[WORKING DATA Boundary: Start]

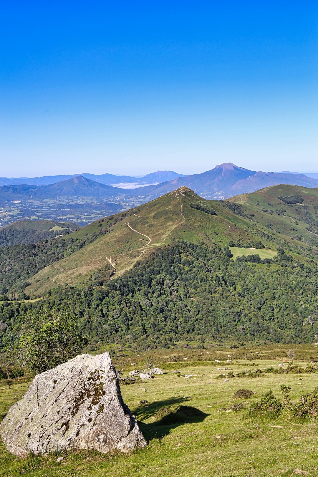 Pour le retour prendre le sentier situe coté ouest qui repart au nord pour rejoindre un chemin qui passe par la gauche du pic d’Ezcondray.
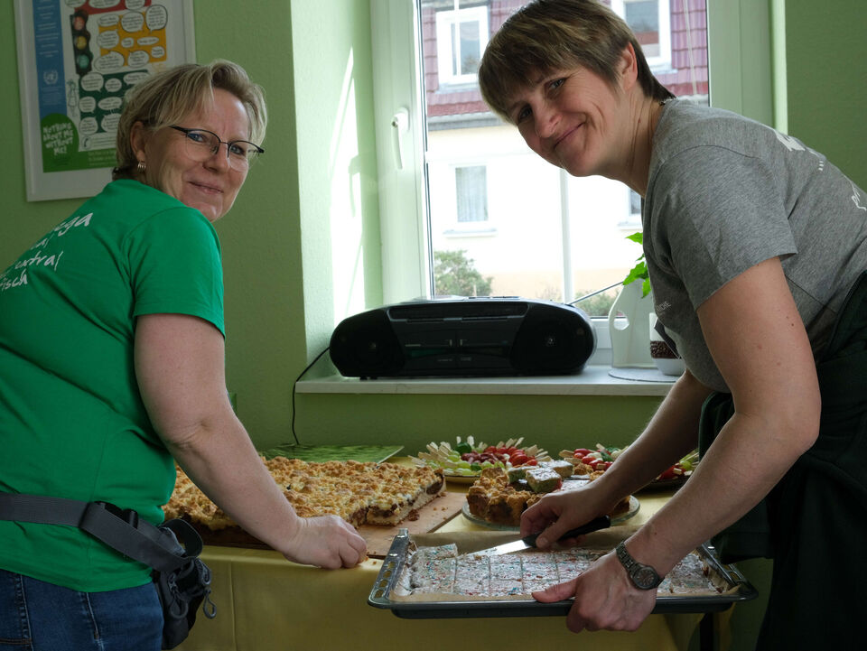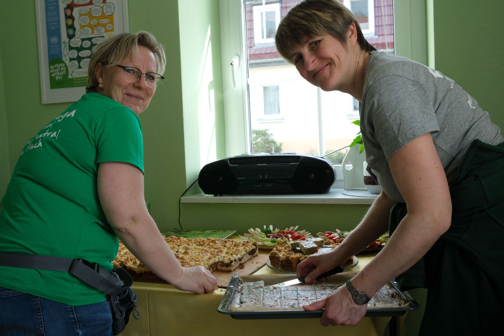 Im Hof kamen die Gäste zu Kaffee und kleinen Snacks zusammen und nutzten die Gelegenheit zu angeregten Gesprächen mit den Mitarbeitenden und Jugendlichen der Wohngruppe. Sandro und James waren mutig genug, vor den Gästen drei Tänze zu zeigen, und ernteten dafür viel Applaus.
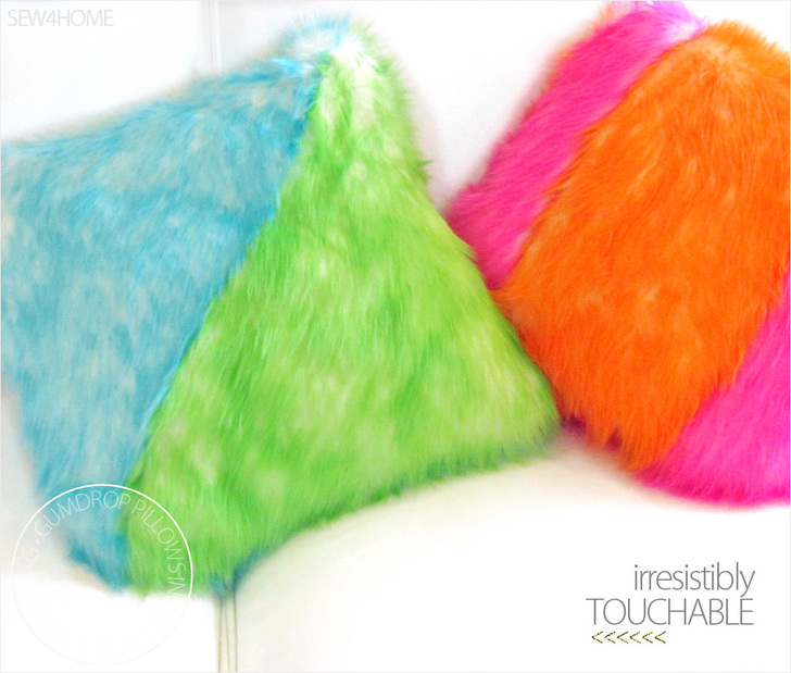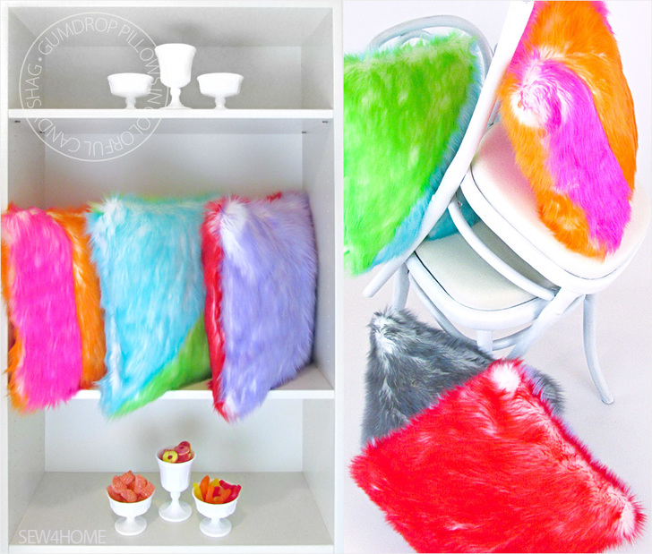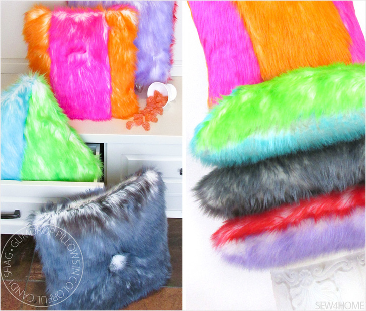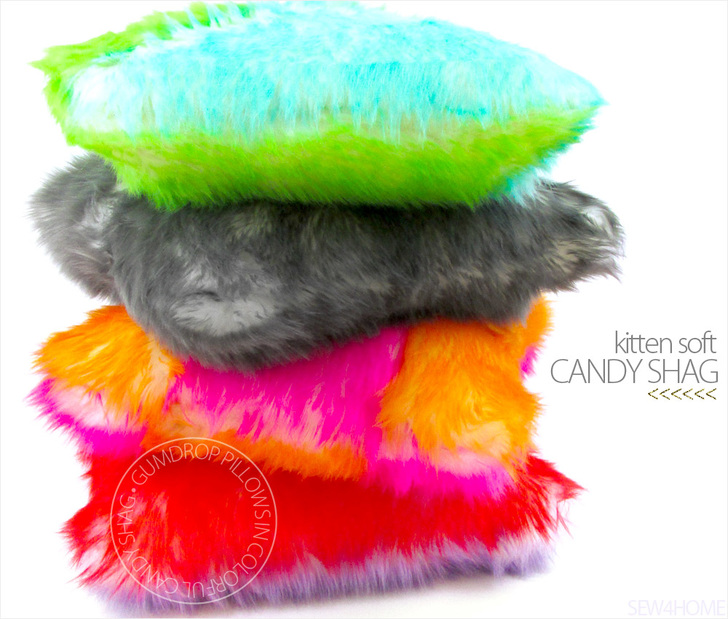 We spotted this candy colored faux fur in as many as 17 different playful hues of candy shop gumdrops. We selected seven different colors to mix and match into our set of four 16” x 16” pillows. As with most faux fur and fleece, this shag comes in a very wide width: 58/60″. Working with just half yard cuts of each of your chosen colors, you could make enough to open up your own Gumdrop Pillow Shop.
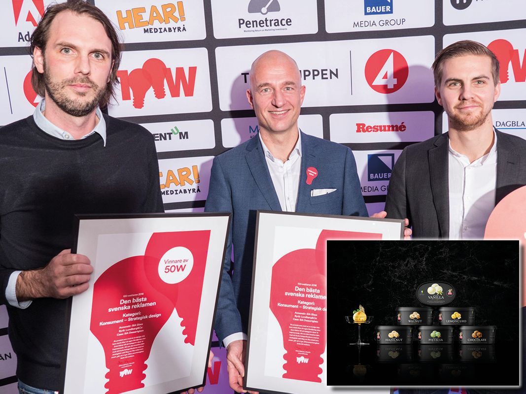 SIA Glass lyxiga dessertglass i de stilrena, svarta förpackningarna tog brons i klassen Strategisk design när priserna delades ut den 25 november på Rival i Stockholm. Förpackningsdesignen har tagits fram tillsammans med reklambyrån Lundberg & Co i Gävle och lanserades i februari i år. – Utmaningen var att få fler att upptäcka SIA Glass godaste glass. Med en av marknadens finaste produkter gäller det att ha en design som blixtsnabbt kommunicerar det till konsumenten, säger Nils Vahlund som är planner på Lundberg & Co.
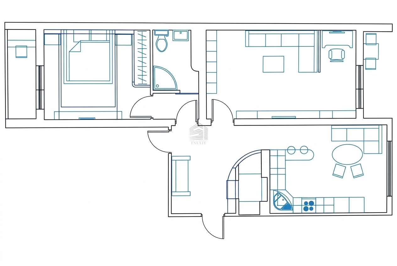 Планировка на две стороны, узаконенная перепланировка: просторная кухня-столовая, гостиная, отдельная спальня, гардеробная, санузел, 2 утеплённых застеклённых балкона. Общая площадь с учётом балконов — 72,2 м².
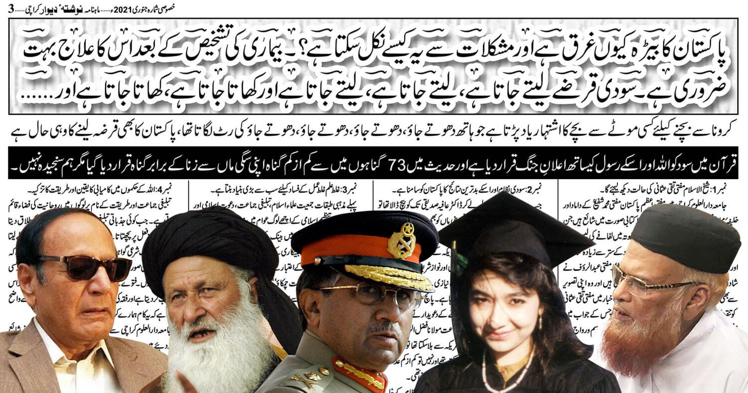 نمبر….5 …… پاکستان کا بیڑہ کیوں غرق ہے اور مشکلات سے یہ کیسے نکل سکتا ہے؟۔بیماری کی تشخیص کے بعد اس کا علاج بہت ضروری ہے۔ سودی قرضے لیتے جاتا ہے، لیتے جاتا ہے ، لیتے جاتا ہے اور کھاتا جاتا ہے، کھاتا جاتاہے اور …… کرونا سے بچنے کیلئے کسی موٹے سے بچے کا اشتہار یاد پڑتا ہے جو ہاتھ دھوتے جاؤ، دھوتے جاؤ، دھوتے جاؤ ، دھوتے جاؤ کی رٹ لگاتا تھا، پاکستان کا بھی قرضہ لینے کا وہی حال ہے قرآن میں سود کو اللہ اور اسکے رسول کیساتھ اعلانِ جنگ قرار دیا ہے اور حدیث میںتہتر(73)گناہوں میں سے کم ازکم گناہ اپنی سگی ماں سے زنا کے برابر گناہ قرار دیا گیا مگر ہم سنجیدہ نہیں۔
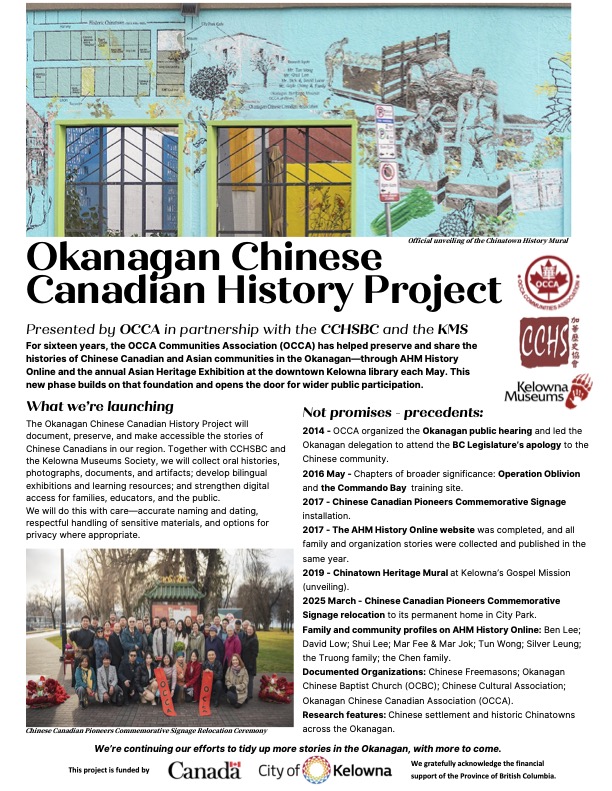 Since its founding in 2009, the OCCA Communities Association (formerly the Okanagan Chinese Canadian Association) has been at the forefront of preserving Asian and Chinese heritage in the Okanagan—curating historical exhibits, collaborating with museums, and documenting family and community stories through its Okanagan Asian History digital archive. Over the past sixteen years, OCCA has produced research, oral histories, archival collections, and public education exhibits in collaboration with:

[WORKING DATA Boundary: End]

**EXERCISE AIM:** After removing the pictures, repeat the remaining records exactly.

**TASK ANSWER:**
 Pour le retour prendre le sentier situe coté ouest qui repart au nord pour rejoindre un chemin qui passe par la gauche du pic d’Ezcondray.
 Im Hof kamen die Gäste zu Kaffee und kleinen Snacks zusammen und nutzten die Gelegenheit zu angeregten Gesprächen mit den Mitarbeitenden und Jugendlichen der Wohngruppe. Sandro und James waren mutig genug, vor den Gästen drei Tänze zu zeigen, und ernteten dafür viel Applaus.
 We spotted this candy colored faux fur in as many as 17 different playful hues of candy shop gumdrops. We selected seven different colors to mix and match into our set of four 16” x 16” pillows. As with most faux fur and fleece, this shag comes in a very wide width: 58/60″. Working with just half yard cuts of each of your chosen colors, you could make enough to open up your own Gumdrop Pillow Shop.
 SIA Glass lyxiga dessertglass i de stilrena, svarta förpackningarna tog brons i klassen Strategisk design när priserna delades ut den 25 november på Rival i Stockholm. Förpackningsdesignen har tagits fram tillsammans med reklambyrån Lundberg & Co i Gävle och lanserades i februari i år. – Utmaningen var att få fler att upptäcka SIA Glass godaste glass. Med en av marknadens finaste produkter gäller det att ha en design som blixtsnabbt kommunicerar det till konsumenten, säger Nils Vahlund som är planner på Lundberg & Co.
 Планировка на две стороны, узаконенная перепланировка: просторная кухня-столовая, гостиная, отдельная спальня, гардеробная, санузел, 2 утеплённых застеклённых балкона. Общая площадь с учётом балконов — 72,2 м².
 نمبر….5 …… پاکستان کا بیڑہ کیوں غرق ہے اور مشکلات سے یہ کیسے نکل سکتا ہے؟۔بیماری کی تشخیص کے بعد اس کا علاج بہت ضروری ہے۔ سودی قرضے لیتے جاتا ہے، لیتے جاتا ہے ، لیتے جاتا ہے اور کھاتا جاتا ہے، کھاتا جاتاہے اور …… کرونا سے بچنے کیلئے کسی موٹے سے بچے کا اشتہار یاد پڑتا ہے جو ہاتھ دھوتے جاؤ، دھوتے جاؤ، دھوتے جاؤ ، دھوتے جاؤ کی رٹ لگاتا تھا، پاکستان کا بھی قرضہ لینے کا وہی حال ہے قرآن میں سود کو اللہ اور اسکے رسول کیساتھ اعلانِ جنگ قرار دیا ہے اور حدیث میںتہتر(73)گناہوں میں سے کم ازکم گناہ اپنی سگی ماں سے زنا کے برابر گناہ قرار دیا گیا مگر ہم سنجیدہ نہیں۔
 Since its founding in 2009, the OCCA Communities Association (formerly the Okanagan Chinese Canadian Association) has been at the forefront of preserving Asian and Chinese heritage in the Okanagan—curating historical exhibits, collaborating with museums, and documenting family and community stories through its Okanagan Asian History digital archive. Over the past sixteen years, OCCA has produced research, oral histories, archival collections, and public education exhibits in collaboration with:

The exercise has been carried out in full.